In [None]:
import selenium, os, re
import pandas as pd
from bs4 import BeautifulSoup
from tqdm import tqdm
from langdetect import detect

from selenium import webdriver
from selenium.webdriver.chrome.options import Options
from selenium.webdriver.chrome.service import Service
from webdriver_manager.chrome import ChromeDriverManager
options = Options()
options.headless = True
options.add_argument("start-maximized")
driver = webdriver.Chrome(service=Service(ChromeDriverManager().install()), options=options)


## Scrape Post Data

In [None]:
df = pd.DataFrame(columns=['keyword', 'title', 'author', 'body', 'time', 'date', 'status', 'votes', 'num_comments', 'num_comment_pages', 'link', 'has_status_update', 'status_message', 'status_update_date'])
df2 = pd.DataFrame(columns=['keyword', 'title', 'comment_date', 'username', 'rank', 'text', 'likes', 'is_official_comment'])
comments_list = []
no_author = []
idx = 0
idx2 = 0

link_dir = 'idea_links'

# Go thorugh all files in directory
for link_file in os.listdir(link_dir):
    # Format keyword from file name
    keyword = link_file.split('_')[0]
    
    # Open file
    with open(os.path.join(link_dir, link_file)) as f:
        links = f.read().split('\n')
        
    # Iterate over all links in file
    for link in tqdm(links):
        if link == '': continue
            
        # Parse linkG
        driver.get(link)
        soup = BeautifulSoup(driver.page_source, 'html.parser')
        
        # ONLY FOR IMPLEMENTED POSTS
        # fetch official status

        try:
            status_component = soup.find('div', class_="lia-status-comment-body")
            has_status_update = True
            status_message = status_component.text.strip()
            status_date = status_message.partition('Updated on')[2].partition('\n')[0]

        except:
            has_status_update = False
            status_message = ''
            status_date = ''

        
        # Retrieve the title
        try:
            title = ' '.join(soup.find('div', class_='lia-message-subject').getText().split())
        except:
            # No permission to view link
            continue

        body = ' '.join(soup.find('div', class_='lia-message-body-content').getText().split())

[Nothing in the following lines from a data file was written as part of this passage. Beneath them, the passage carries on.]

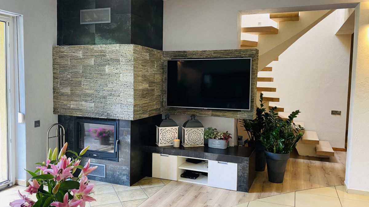 Dom ogrzewany jest piecem gazowym (grzejniki) + w salonie jest kominek opalany drewnem (z nadmuchem na piętrze). Zamontowana jest także klimatyzacja.
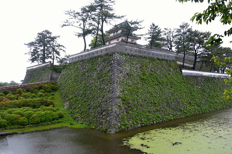 外郭は東西約360メートル、南北約1260メートル。周囲に約3900メートルの塀をめぐらせて、要所には大小16の櫓を配置して、4万石の大名にしては過分な城であったようです。
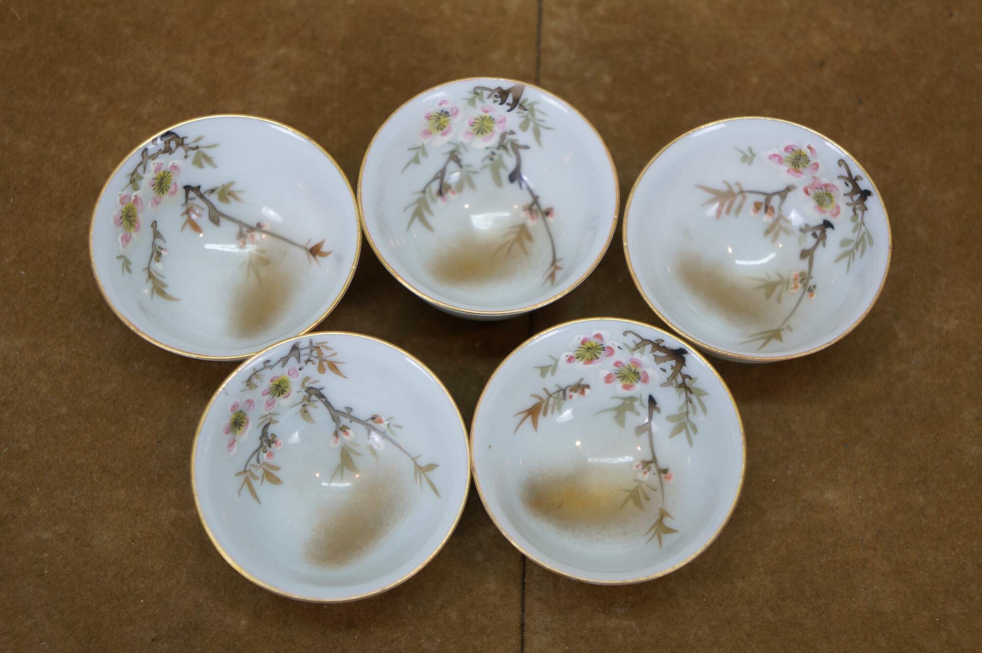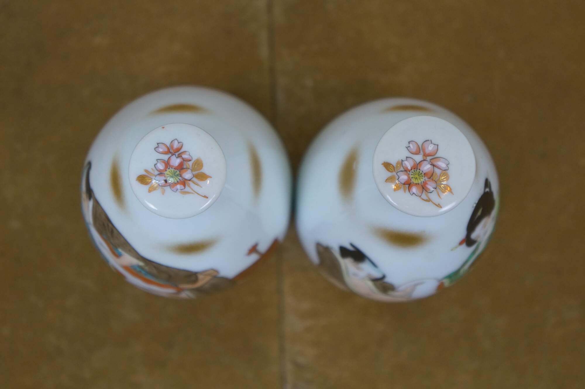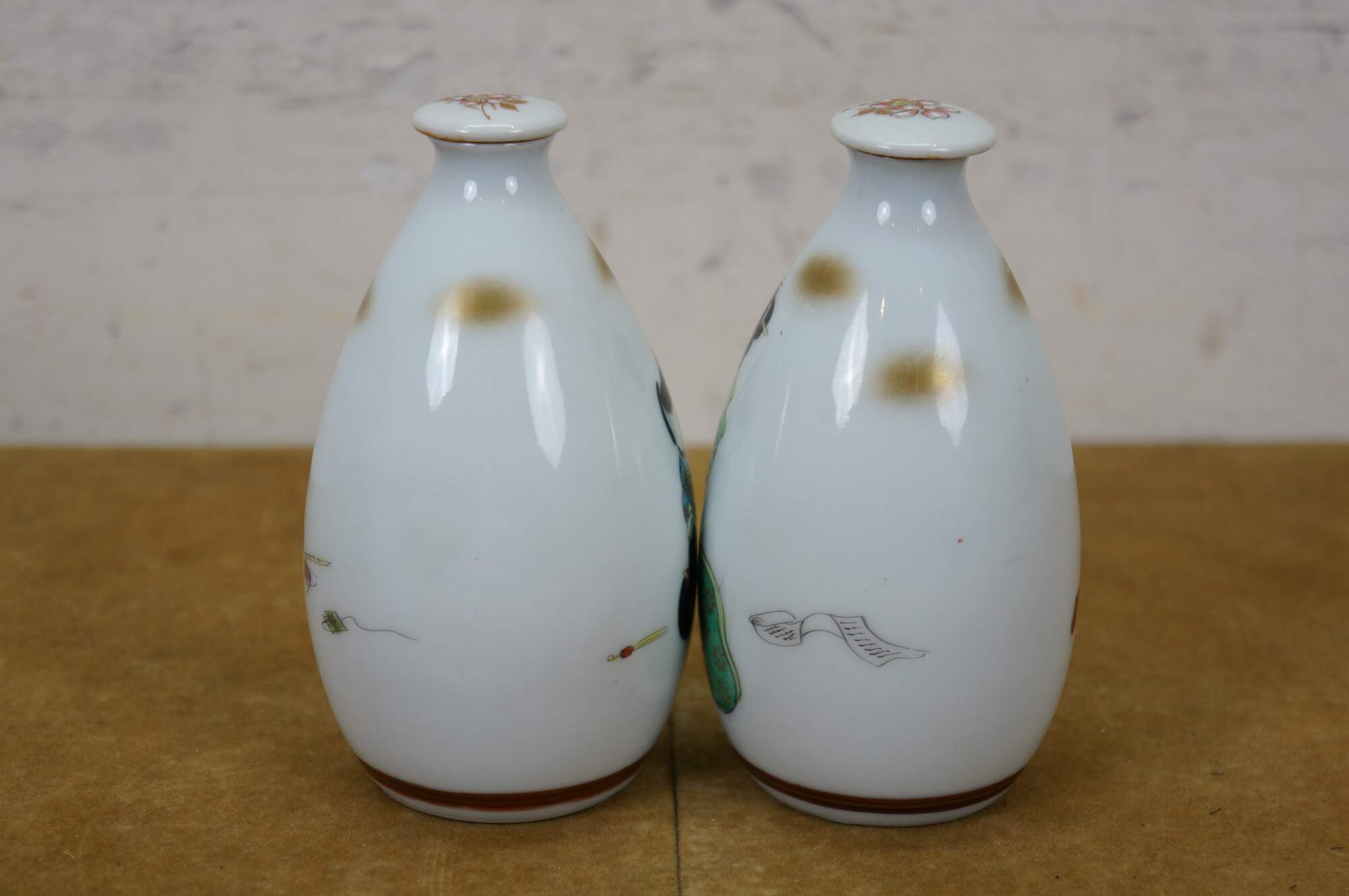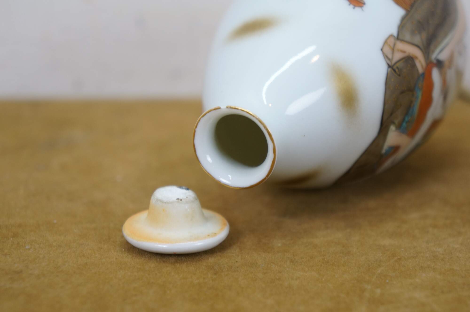 Vintage seven piece Japanese porcelain sake set including two lidded flasks / bottles and five delicate cups, hand painted with figures in a variety of amorous poses.

        # Retrieve the number of comment pages
        try:
            num_comment_pages = int(soup.find('li', class_=re.compile('lia-paging-page-last lia-js-data-pageNum-[0-9]+'))['class'][-1].split('-')[-1])
        except:
            num_comment_pages = 1


        ## data model for comments
        ## array of {comment_date, comment_time, poster_username, poster_rank, comment_text, like_count, is_official_comment}
        # Comments scraping logic

        for comment_page in range(num_comment_pages):
            comment_page_url = f'{link}/page/{comment_page + 1}#comments'
            
            if keyword == "implemented":
                comment_page_url = link.split('?')[0] + f'/page/{comment_page + 1}#comments'
                

            driver.get(comment_page_url)
            comment_soup = BeautifulSoup(driver.page_source, 'html.parser')
            comments_list = comment_soup.findAll('div', class_='lia-message-view-idea-reply-message')
            author_rank = comment_soup.findAll('div', class_='lia-message-author-rank')
            author_username = comment_soup.findAll('span', class_='UserName')
            
            print("Scraping ", len(comments_list) , " comments")

            for comment in comments_list:
                raw_text = " ".join(comment.getText().strip().split("\n"))
                raw_text = raw_text.replace("Mark as Read Mark as New     Bookmark     Permalink Print     Report Inappropriate Content", "")
                raw_text = raw_text.replace("\u200e", "")
                parsed_text =  [p.strip() for p in re.split(r'\s{2,}', raw_text) if len(p.strip()) > 0]
                parsed_text.pop()

                username = parsed_text[0]
                rank = parsed_text[1]
                timestamp = parsed_text[2]
                likes = parsed_text[-1]

                is_official_comment = False

                if rank == 'Spotify':
                    is_official_comment = True

                if parsed_text[3].startswith("Status changed to"):
                    is_official_comment = True

                comment = parsed_text[3]
                if (len(parsed_text) > 5):
                    copy_parsed_text = parsed_text
                    copy_parsed_text.pop()
                    copy_parsed_text.pop(0)
                    copy_parsed_text.pop(0)
                    copy_parsed_text.pop(0)
                    comment = " ".join(copy_parsed_text)
                    
                df2_new = pd.DataFrame({
                    'keyword':keyword, 'title': title, 'comment_date': timestamp, 'username': username, 'rank': rank, 'text': comment, 'likes': likes, 'is_official_comment': is_official_comment
                }, index=[idx2])
                
                # print(df2_new)
                

                df2 = pd.concat([df2, df2_new])
                idx2 += 1


        # Locate author section
        try:
            author_span = soup.find('span', {'class':
                                             ['lia-message-byline lia-message-byline-author-date lia-component-byline-author-date lia-component-message-view-widget-byline-author-date',
                                              re.compile('lia-user-name lia-user-rank-.* lia-component-message-view-widget-author-username'),
                                             ]})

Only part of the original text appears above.